To succeed in attracting innovative solutions, future policy and law will need to be more outcome-based, supporting innovative and site specific solutions with well-defined sustainability indices linked to outcomes. These policies will accept that solutions will require a mix of expertise; including physical and biological sciences, engineering, business and policy. Already we see companies that have applied “issues integration” to look at multiple environmental situations, whether opportunities or issues facing the organization.

A key element to successful implementation and delivery of outcome-based policy is transparency, allowing information to flow within and across organisations. Not only will this support rapid evaluation, adoption and improvement of technologies; this transparency will become a critical element for retention of the right to operate through regained or maintained public confidence. As an example, on 22 February 2012, founding members announced the formation of the Global Roundtable for Sustainable Beef, an independent non-profit organization to advance continuous improvement across the global beef industry through a commitment to a global beef supply chain that is environmentally sound, socially responsible and economically viable (http://www.sustainablelivestock.org/home).

The founding members are an impressive list, including Allflex, Allianca de Terra, Cargill, Elanco, Grupo de Trabalho da Pecuaria Sustentavel (GTPS), JBS, McDonald’s, Merck Animal Health, National Wildlife Federation, Rainforest Alliance, Rountable for Sustainable Beef Australia, Solidaridad, The Nature Conservancy and World Wildlife Fund.

As a second example, in the State of Minnesota, tax-ayers voted for a 25 year tax designed to improve and protect that state's water resources by working in partnership with local organisations and private landowners (http://www.dnr.state.mn.us/news/features/amendment.html). Agriculture business and farmers are a key component to this process.

In the Netherlands, negotiated agreements or 'Dutch Covenants', consisting of a target and timetable for attaining an agreed upon environmental objective are being developed between and industry sector and government authorities. While the covenants have not all been equally successful; Bressers et al [15] cited a number of informed sources indicating that they have resulted in industry being responsive and often proactive in improving environmental performance. Negotiations tend to be focused upon implementation processes and cost sharing, with continued dialogue and joint monitoring of progress for the duration of these agreements. Each of these models involves partnerships, information sharing, and a focus on solutions to achieve environmental objectives.

Process and Product Technologies Supporting Healthy Meat

Animal feed is the major cost in meat production, and feed production is responsible for much of the environmental footprint associated with animal products. Public and private sector scientists are aggressively applying advances in genomics, microbiology, nutrition, and engineering to achieve incremental improvements in feed production, animal feed utilization and nutrient recycling from manure and waste water. Some examples follow.

Transgenic forage (grass and legume) crops will play a major role in providing the increased feed resources required to meet growth of the meat sector, by increasing productivity of existing grasslands. Genetic engineering coupled with traditional plant breeding has resulted in rapid yield increases in several major cash crops, including maize, soybean, cotton and canola but progress with forage (grass and legume) crops and low acreage feed grains has been slower. James [16] reported that the accumulated growth from 1996 to 2010 for transgenic annual crops exceeded one billion hectares, with GMO crops growing in 29 different countries in 2010.
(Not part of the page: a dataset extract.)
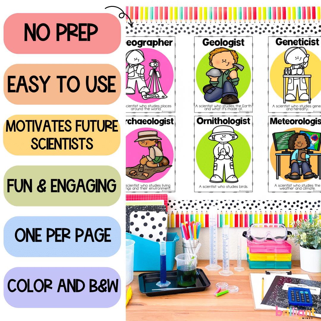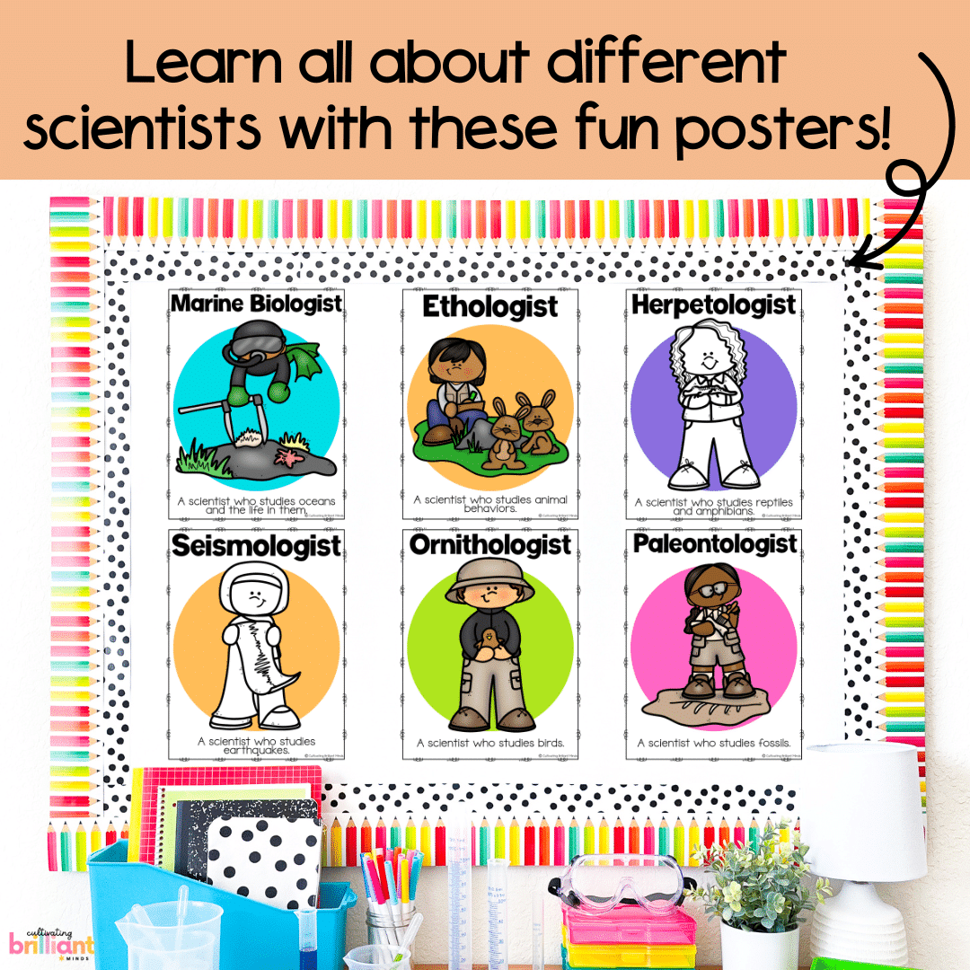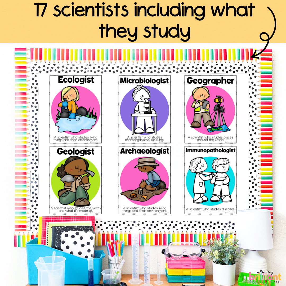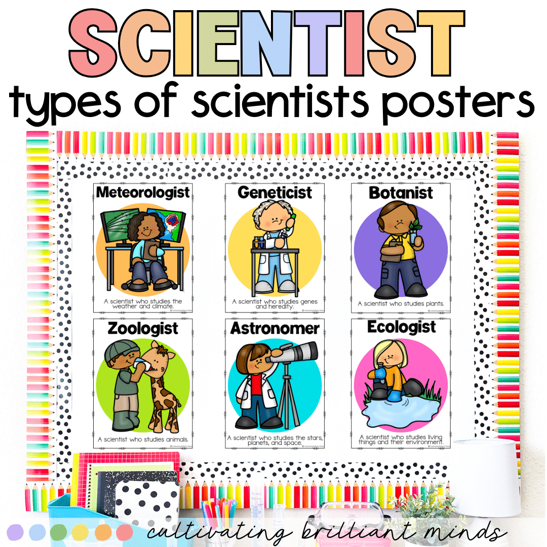 Teach your students all about the different types of scientists with these fun and colorful science posters that make a great science bulletin board display! Students will learn about the kinds of scientists and reference the posters throughout the school year. They are also a great motivational tool for your future scientists!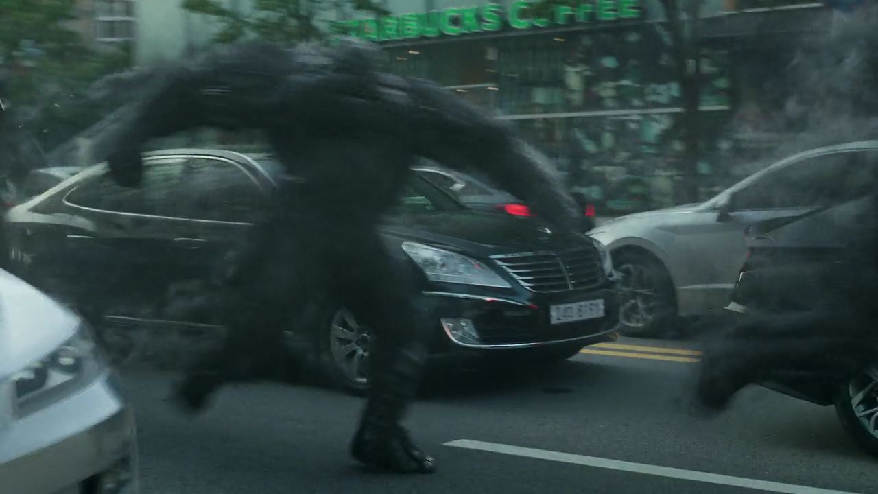 그때 카페 한 테이블에 앉아있던 한 남자가 식은땀을 뻘뻘 흘리면서 휴대폰을 붙들고 시간만 보고 있어요. 남자가 보고 있는 시간은 13시 19분.. 사람들의 수다 소리가 여전한 가운데.. 시간이..13시 20분이 되는 순간..쿵~쿵~하면서 거인이 걸어오는 소리가 들리고 지진과 흡사하게 땅이 심하게 흔들리더니..먼지를 풀풀 날리는 모양새로 검은 괴물들이 (얼굴은 바야바처럼 생겼는데..새진리회에서는 사자라고 부르죠 ㅎ)나타납니다. 카페에서 나온 남자가 괴물들을 피해 차도로 도망가구요.. 차도는 갑자기 뛰어든 남자로 순식간에 아수라장이 되는데요. 괴물들의 등장에 도로 위, 승용차, 버스 안에 있는 사람들이 다 기겁을 하고...도망간 남자를 잡으러 쫓아온 검은괴물들이 남자를 잡고 이러저리 패대기를 치는 등 구타를 하더니 손에서 강한 빛을 뿜어 이미 죽은 듯한 남자를 태워버려요. 그리고는 달려가더니 공중 속으로 사라져버립니다.

Nonetheless, significant recent progress has been made in genetic modification of forages. Enhanced drought tolerance, cold tolerance, salt tolerance and increased disease resistance has been achieved using transgenic approaches in a broad range of commonly grown grass and legume crops, providing opportunity to significantly increase yield with less inputs costs. As well, transgenic approaches that delay plant flowering, delay leaf senescence, or improve dry matter digestibility improve nutrient utilisation and reduce feed required by meat producing animals. Traits specifically linked to pest and disease resistance and more efficient water and nutrient use can significantly lower chemical inputs on this land base, with further environmental opportunities linked to increased carbon sequestration and soil health.

The delayed progress in commercialisation is related to the fact that most forage plants reproduce by outcrossing, creating a major biosafety concern related to pollen-mediated transgene flow. In January 2011, the US Department of Agriculture announced that it would deregulate Roundup Ready RR alfalfa without restrictions, which is the first transgenic forage crop to be deregulated in the US.

Wang and Brummer [17] provide an excellent overview of that deregulation process and describe new technologies such as the intragenic or cisgenenic approaches now available for cost-effective genetic engineering of many forage species. Should adoption of genetically modified forage crops mimic what was observed for annual crops, there is excellent potential to increase yield and reduce the environmental footprint associated with feed sourcing for the global red meat sector in the next 10 years. This benefit could include the pork industry if nutrient availability from crops such as alfalfa and annual forages improves to the extent that they can be included in pig diets.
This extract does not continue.